▸ **Stored data**:
* * *

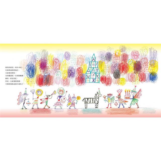 一翻開書,便可看見像孩童塗鴉般簡單的線條,與不經精密計算的著色,讓人雙眼為之一亮的插畫,更是為本書錦上添花,與孩子更容易產生共鳴。
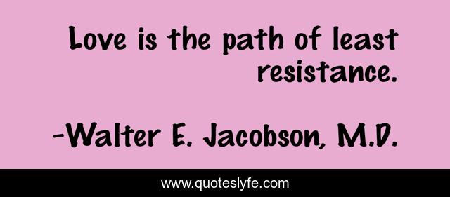 "Walter E. Jacobson, M.D. Quotes." Quoteslyfe.com, 2025. Sat. 06 Dec. 2025. <https://www.quoteslyfe.com/quote/Love-is-the-path-of-least-resistance-77930>.
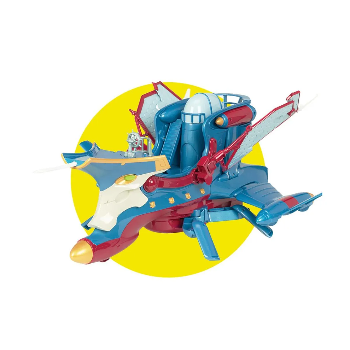 El vehículo Chaos tiene 4 transformaciones para luchar contra los villanos en cualquier superficie: navegación, volador, terrestre o submarino.
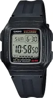 Мужские наручные электронные часы в пластковом корпусе прямоугольной формы, оснащены будильником и секундомером, на черном резиновом ремешке.
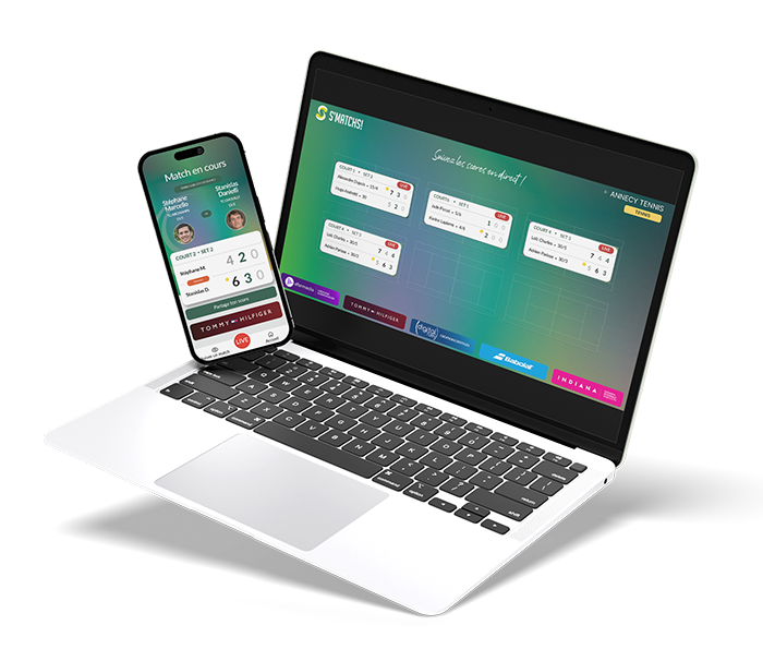 Gagner des jeux, des sets et des matchs, c’est encore mieux quand on peut le partager ! S’MATCHS! permet de diffuser en direct les scores d’un match de tennis et de padel à sa communauté : ses proches, ses fans, son coach, au juge-arbitre, … à qui vous voulez !
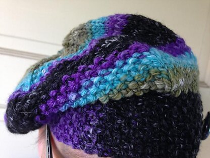 I'm calling this a recipe instead of a pattern, because there is no specified gauge and everything is adjustable. The hat starts with the band, which is knit to fit. Yarnover loops worked along the band elminiate the need to pick up stitches.
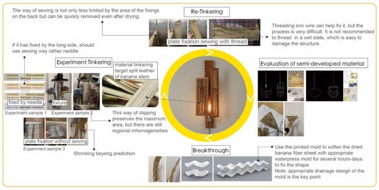 The observations and summary at this phase revealed that, because the material used in the present experiment was drawn from the banana stem (the form of which is a complete plant stem), the participants generally focused on deconstructing and recombining banana fibre using the following techniques: (1) adding—beeswax, gelatine, white glue, epoxy resin, pulp, clay, and metallic fibre were added to endow banana fibre with water resistance and to reinforce its structuredness; (2) drying—hot pressing, baking, or natural sun-drying were performed to reinforce the fibre structure and enhance its resilience; (3) smashing—aggressive and comprehensive damage was dealt to the banana-fibre material through the use of choppers or high-speed mixers, and the material is then blended with heterogenous materials for recombination and formation, thereby expanding the plastic-related applications of the product.
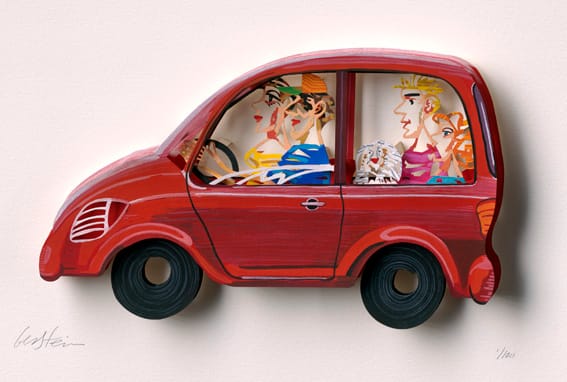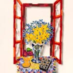 Handbemalte vierlagige lasergeschnittene Grafik aus schwerem Büttenpapier
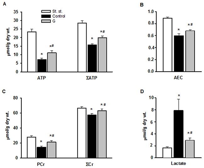 Figure 5: Effect of G infusion on energy state of isolated rat heart at the end of reperfusion. St. st. - steady state; G - 5-min infusion of 225 μ M G after ischemia. (A) Myocardial contents of ATP and ΣAN=ATP+ADP+AMP. (B) Adenylate energy charge (AEC) = (ATP+0.5ADP)/ΣAN. (C) Myocardial contents of PCr and total creatine ΣCr=PCr+Cr. (D) Myocardial content of lactate. Values are the means ± SEM from 8 experiments. *P < 0.05 vs. steady state; #P < 0.05 vs. control.
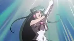 - ^ Uses the Garnet Orb. First appears in act 31. When Sailor Pluto and the other Soldiers are controlled by Galaxia in act 50, she uses Galactica Chronos Typhoon. She also joins with Sailor Saturn for Galactica Cannon.
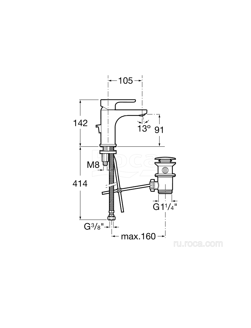 Смеситель Roca L20 для раковины с донным клапаном, 5A3A09C0M
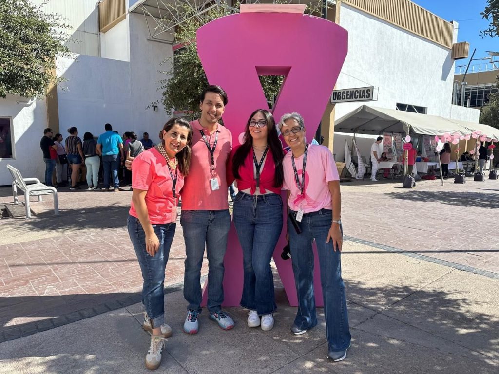En la formación de este moño simbólico participaron derechohabientes, enfermeras, químicos, médicos y personal administrativo vestidos con camisetas color rosa de las diversas áreas de la institución, quienes se congregaron en la Plaza de la Salud de PCE.
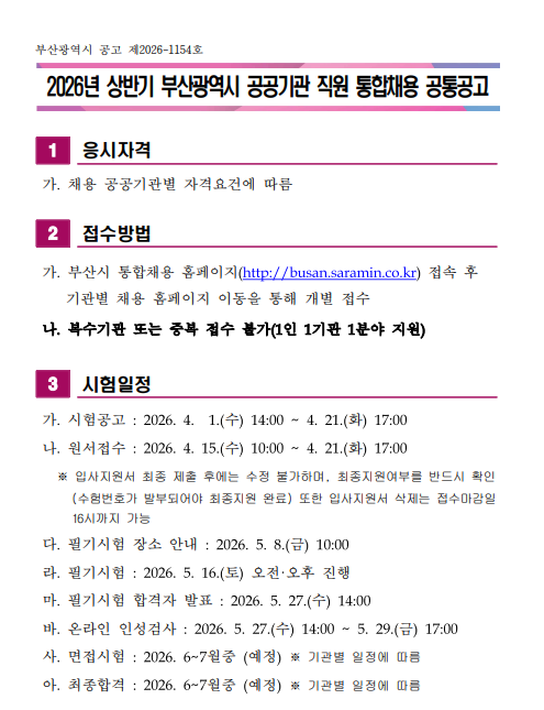2026년 상반기 부산광역시 공공기관 직원 통합채용 공통공고

* * *

▸ **What you are asked to do**: The answer should contain only the lines from the start of the records above through the line with "Handbemalte vierlagige lasergeschnittene", copied exactly, and no pictures.

▸ **Answer space**:
 一翻開書,便可看見像孩童塗鴉般簡單的線條,與不經精密計算的著色,讓人雙眼為之一亮的插畫,更是為本書錦上添花,與孩子更容易產生共鳴。
 "Walter E. Jacobson, M.D. Quotes." Quoteslyfe.com, 2025. Sat. 06 Dec. 2025. <https://www.quoteslyfe.com/quote/Love-is-the-path-of-least-resistance-77930>.
 El vehículo Chaos tiene 4 transformaciones para luchar contra los villanos en cualquier superficie: navegación, volador, terrestre o submarino.
 Мужские наручные электронные часы в пластковом корпусе прямоугольной формы, оснащены будильником и секундомером, на черном резиновом ремешке.
 Gagner des jeux, des sets et des matchs, c’est encore mieux quand on peut le partager ! S’MATCHS! permet de diffuser en direct les scores d’un match de tennis et de padel à sa communauté : ses proches, ses fans, son coach, au juge-arbitre, … à qui vous voulez !
 I'm calling this a recipe instead of a pattern, because there is no specified gauge and everything is adjustable. The hat starts with the band, which is knit to fit. Yarnover loops worked along the band elminiate the need to pick up stitches.
 The observations and summary at this phase revealed that, because the material used in the present experiment was drawn from the banana stem (the form of which is a complete plant stem), the participants generally focused on deconstructing and recombining banana fibre using the following techniques: (1) adding—beeswax, gelatine, white glue, epoxy resin, pulp, clay, and metallic fibre were added to endow banana fibre with water resistance and to reinforce its structuredness; (2) drying—hot pressing, baking, or natural sun-drying were performed to reinforce the fibre structure and enhance its resilience; (3) smashing—aggressive and comprehensive damage was dealt to the banana-fibre material through the use of choppers or high-speed mixers, and the material is then blended with heterogenous materials for recombination and formation, thereby expanding the plastic-related applications of the product.
 Handbemalte vierlagige lasergeschnittene Grafik aus schwerem Büttenpapier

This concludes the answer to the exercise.